National children’s hospital takes legal action against building contractor
Board responsible for controversial project in dispute with construction firm BAM
The site of the national children’s hospital in Dublin. The project’s board has issues legal proceedings against the main building contractor on the project. File photograph: Dara Mac Dónaill
The State body responsible for the building of the national children’s hospital has begun High Court proceedings against the construction company contracted to build the hugely expensive facility.
The National Paediatric Hospital Development Board (NPHDB) has already been involved in a series of disputes with construction group BAM, but this is the first time the rows have moved to the High Court.
The cost of the Dublin hospital has been an ongoing controversy for many years, with some fearing the project could end up costing as much as €2 billion.

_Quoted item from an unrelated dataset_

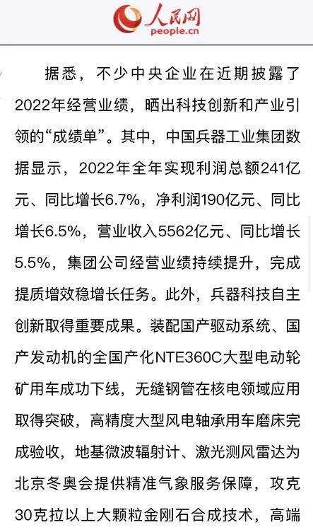 1月13日,中國兵器(qi)工業(ye)集團有限公司(si)(si)召開2023年(nian)度工作會議,傳達學(xue)習中央領導同志、軍(jun)方(fang)首長和(he)上級部(bu)門重要(yao)批示,總(zong)結(jie)集團公司(si)(si)2022年(nian)工作,研究(jiu)部(bu)署2023年(nian)主要(yao)工作任務。 集(ji)(ji)(ji)團(tuan)公司(si)(si)(si)2022年重(zhong)點(dian)(dian)工作取(qu)(qu)得的(de)成(cheng)績及下一步(bu)的(de)改(gai)革發展受(shou)到社會(hui)媒體廣泛(fan)關注(zhu)。新(xin)(xin)(xin)(xin)華社、新(xin)(xin)(xin)(xin)華財經(jing)、人民網(wang)(wang)、經(jing)濟日(ri)(ri)(ri)報(bao)(bao)客戶(hu)端(duan)、光明日(ri)(ri)(ri)報(bao)(bao)客戶(hu)端(duan)、中國日(ri)(ri)(ri)報(bao)(bao)網(wang)(wang)、中國科技網(wang)(wang)、中國新(xin)(xin)(xin)(xin)聞網(wang)(wang)、央廣網(wang)(wang)、國資委網(wang)(wang)站(zhan)、學習(xi)強國中央企(qi)業學習(xi)平(ping)臺(tai)、新(xin)(xin)(xin)(xin)浪網(wang)(wang)、騰(teng)訊網(wang)(wang)、搜狐網(wang)(wang)、網(wang)(wang)易網(wang)(wang)、今日(ri)(ri)(ri)頭(tou)條(tiao)等中央主(zhu)流媒體、國家部委網(wang)(wang)站(zhan)及知名網(wang)(wang)絡媒體對集(ji)(ji)(ji)團(tuan)公司(si)(si)(si)工作會(hui)議進(jin)行(xing)了(le)報(bao)(bao)道,重(zhong)點(dian)(dian)關注(zhu)集(ji)(ji)(ji)團(tuan)公司(si)(si)(si)高(gao)質(zhi)量發展、科技創新(xin)(xin)(xin)(xin)、戰(zhan)略(lve)性(xing)新(xin)(xin)(xin)(xin)興產業培(pei)育、深化(hua)改(gai)革、國際(ji)化(hua)經(jing)營、履行(xing)央企(qi)社會(hui)責任等內容。其中新(xin)(xin)(xin)(xin)華社以《北斗時空智能(neng)服務平(ping)臺(tai)累計服務終端(duan)數突破15億(yi)》為(wei)題,重(zhong)點(dian)(dian)報(bao)(bao)道了(le)集(ji)(ji)(ji)團(tuan)公司(si)(si)(si)2022年在(zai)自主(zhu)創新(xin)(xin)(xin)(xin)、戰(zhan)略(lve)新(xin)(xin)(xin)(xin)興產業培(pei)育、專利申請等方面(mian)取(qu)(qu)得的(de)成(cheng)績;經(jing)濟日(ri)(ri)(ri)報(bao)(bao)客戶(hu)端(duan)、光明日(ri)(ri)(ri)報(bao)(bao)客戶(hu)端(duan)、中國日(ri)(ri)(ri)報(bao)(bao)網(wang)(wang)等以《兵器工業集(ji)(ji)(ji)團(tuan)2022年經(jing)營業績持續(xu)提升(sheng)》為(wei)題,重(zhong)點(dian)(dian)報(bao)(bao)道了(le)集(ji)(ji)(ji)團(tuan)公司(si)(si)(si)在(zai)高(gao)質(zhi)量發展、全面(mian)完成(cheng)提質(zhi)增(zeng)效穩增(zeng)長方面(mian)取(qu)(qu)得的(de)成(cheng)績。集(ji)(ji)(ji)團(tuan)公司(si)(si)(si)門戶(hu)網(wang)(wang)站(zhan)、微信(xin)公眾號、微博等新(xin)(xin)(xin)(xin)媒體也對集(ji)(ji)(ji)團(tuan)公司(si)(si)(si)工作會(hui)議進(jin)行(xing)了(le)及時報(bao)(bao)道,各成(cheng)員單位紛紛對相關內容進(jin)行(xing)轉載,引發全系統關注(zhu)。 新華社:北斗時空智能服務平臺累計服務終端數突破15億 新華財經:兵器工業集團2022年實現凈利潤190億元 同比增長6.5% 人民網:2022年中央企業營收同比增長8.3% 科技創新成效顯著 經濟日報客戶端:兵器工業集團2022年經營業績持續提升 光明日報客戶端:兵器工業集團2022年經營業績持續提升 中國日報網:兵器工業集團2022年經營業績持續提升 中國科技網:兵器工業集團2022年實現利潤總額241億元 中國新聞網:2022年兵器工業集團實現利潤總額241億元 同比增長6.7% 國資委網站:2022年兵器工業集團實現利潤總額241億元 同比增長6.7% 學習強國中央企業學習平臺:兵器工業集團2022年經營業績持續提升 集團公司職工及廣大網友熱議工作會議 “這(zhe)次會議(yi)全(quan)面(mian)總結了2022年工(gong)作(zuo),深入分析研判當前形勢,部署(shu)2023年重(zhong)點工(gong)作(zuo),為我(wo)們做(zuo)好(hao)2023年及(ji)今后(hou)一個(ge)時(shi)期的(de)工(gong)作(zuo)明確(que)了目標、堅定了信心(xin)。” “作(zuo)為兵工人(ren),我要苦(ku)練內功、不懼挑戰、奮勇向前(qian),為建設具有全球競(jing)爭(zheng)力的(de)(de)世界(jie)一流集團公(gong)司(si)貢獻自己的(de)(de)力量。” “聚焦(jiao)高科技領域,制造更多的大國重器(qi),讓更多的產品服務老百姓。” “在(zai)不平凡的(de)2022年取得了(le)亮眼(yan)的(de)工作成績,為(wei)兵器工業點贊。” “希望能有更(geng)多新型(xing)武器(qi)裝備部隊,2023年,望你們再(zai)創輝煌(huang),加油!” |

The overground, or phase B, part of the project is the subject of gross maximum price agreements between the two sides but that has not stopped a series of rows over money, all of which have gone through a dispute management process.
The instruction for the phase B construction works was issued to BAM by the NPHDB on January 8th, 2019, and the phase B works commenced at that time, a spokeswoman for NPHDB said.
However BAM made a claim disputing the validity of the instruction, leading to the dispute that has now ended up in the courts.
“The agreed dispute management process has been exhausted with respect to this specific claim, without agreement from the contractor,” she said.
Given the importance of the works, the cost, and the date for completion of this critically needed new children’s hospital, it is essential that this fundamental contractual issue is definitively resolved, the spokeswoman said.
“In order to rigorously defend the public purse, the NPHDB has been left with no option but to bring the matter to the High Court.”
However BAM, in a statement issued in response to the taking of proceedings, said it had been instructed to begin phase B of the project even though a fully completed design had not been produced, and has still not been produced.
“The NPHDB issued the instruction to commence Phase B despite the fact that the design was not provided as required by the contract. At today’s date, the design is still not complete.”
BAM said it welcomed the fact that the issue would now be subject to careful analysis, and ultimate resolution, by the courts.
“BAM agrees that it is important that these issues be resolved so that all parties can concentrate on the delivery of this vital project to the highest standard in the shortest possible period.”
The company closed down work on the site this week, due to coronavirus crisis, a decision that was welcomed by the NPHDB.
Once the restrictions are lifted, the work on the site can resume, and should not be affected by the court proceedings.